A timeline of Landsat 9 mission development and lifecycle.
A timeline of Landsat 9 mission development and lifecycle. Courtesy NASA

Orbital ATK will start manufacturing NASA’s Landsat 9 now after its comprehensive design for the satellite received a go-ahead last month. Besides design and manufacture, Orbital ATK will also integrate two science instruments on the spacecraft, support the launch, and help in early orbit operations and on-orbit check-out of the observatory. The Landsat 9 spacecraft will be manufactured and tested at Orbital ATK’s Gilbert, Arizona, facility and is currently planned for launch in late 2020. It is a joint mission between NASA and US Geological Survey, and the latter would operate the satellite once it is in orbit.

Representatives from NASA were present at the Critical Design Review (CDR) from February 26 to March 1 at Orbital’s Arizona facility and concluded that the program meets all technical performance measures and requirements. This will be the fourth Landsat satellite to be built by Orbital ATK. It had earlier built Landsat 8, which was launched in 2013 and is providing high quality images in quantities that surpass mission requirements. Before that, Landsat 4 and Landsat 5 (launch year 1982 and 1984)  were built by GE Space Systems Division, based on a Multimission Modular Spacecraft design originally developed by Orbital-aquired Fairchild Space and Defense.

Landsat 9 quick factsLandsat 9 will extend the length of the overall Landsat series to half a century, providing the longest continuous record of the Earth’s surface as seen from space. Landsat 9 is based on Orbital ATK’s flight-proven LEOStar-3 spacecraft bus platform, which was also used on Landsat 8. The Ice, Cloud and Land Elevation satellite (ICESat-2) and the Joint Polar Satellite System (JPSS-2) spacecraft are also based on the LEOStar-3 bus platform and currently in production for NASA at Orbital ATK’s Gilbert facility.

Landsat 9 will continue the Landsat program’s critical role in monitoring, understanding and managing the land resources needed to sustain human life.
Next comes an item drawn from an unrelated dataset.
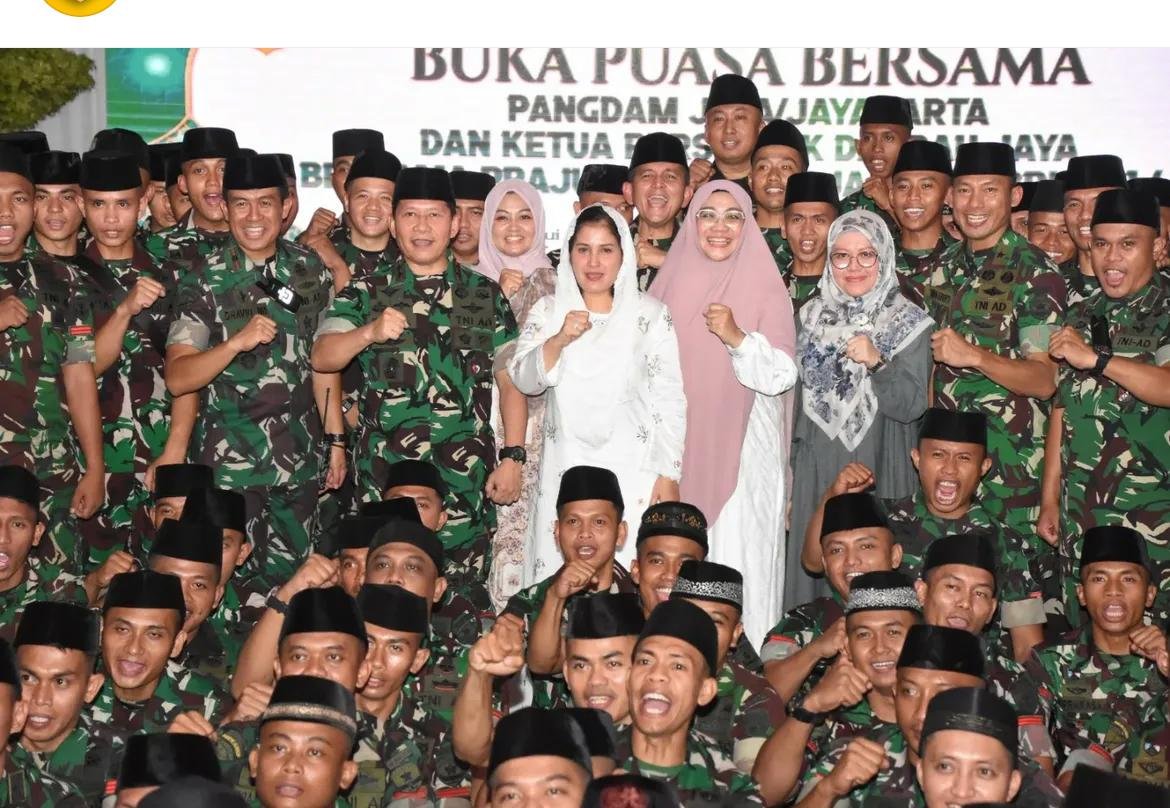 Pagdam Jayakarta Mayjen TNI Raphael Granada Baay bersama mengadakan safari ramadhan berbuka puasa bersama keluarga besar Brigif-1/JS di Yonif 202/Tajimalela Bekasi, Kamis 13/3/2025.

It is a rebuild of Landsat 8 to enable a quick launch. Each each day Landsat 8 adds about 700 new scenes and in four and half years of existence, Landsat 8 has already added over a million images to the archive – which is 14.8% of the entire 45-year Landsat data collection.

Scientific instruments aboard Landsat 9

Meanwhile, scientists and engineers are busy building the two scientific instruments that will fly aboard the satellite. One of these instruments is the Thermal Infrared Sensor 2 (TIRS-2) which is being built at NASA’s Goddard Space Flight Center in Greenbelt, Maryland. It is a thermal sensor that will be capable of taking measurements in two sections, or bands, of the thermal infrared portion of the electromagnetic spectrum, enabling land surface temperature measurements to be made.

Landsat 9 manufacturing to start
The TIRS-2 telescope and detector on top of something called a yoke sled along with the Calibration Ground Support Equipment used to test TIRS-2 for spatial and spectral performance, among other things. Photo credit: Desiree Stover/NASA

The instrument uses the same technology as its predecessor, Landsat 8’s TIRS instrument, exploiting principles of quantum physics to make measurements of long-wave (thermal) infrared energy. TIRS-2 will have a five-year design life as opposed to the three-year design life of its first version TIRS. There have also been strategic optical design changes to avoid the stray-light issues that have complicated measurements made by Landsat 8’s TIRS. TIRS-2 uses a four-element refractive telescope that focuses an f/1.64 beam of thermal radiation onto a focal plane that is cryogenically cooled. The TIRS-2 focal plane holds three modules with quantum-well-infrared-photodetector (QWIP) arrays arranged in an alternating pattern along the focal plane centerline.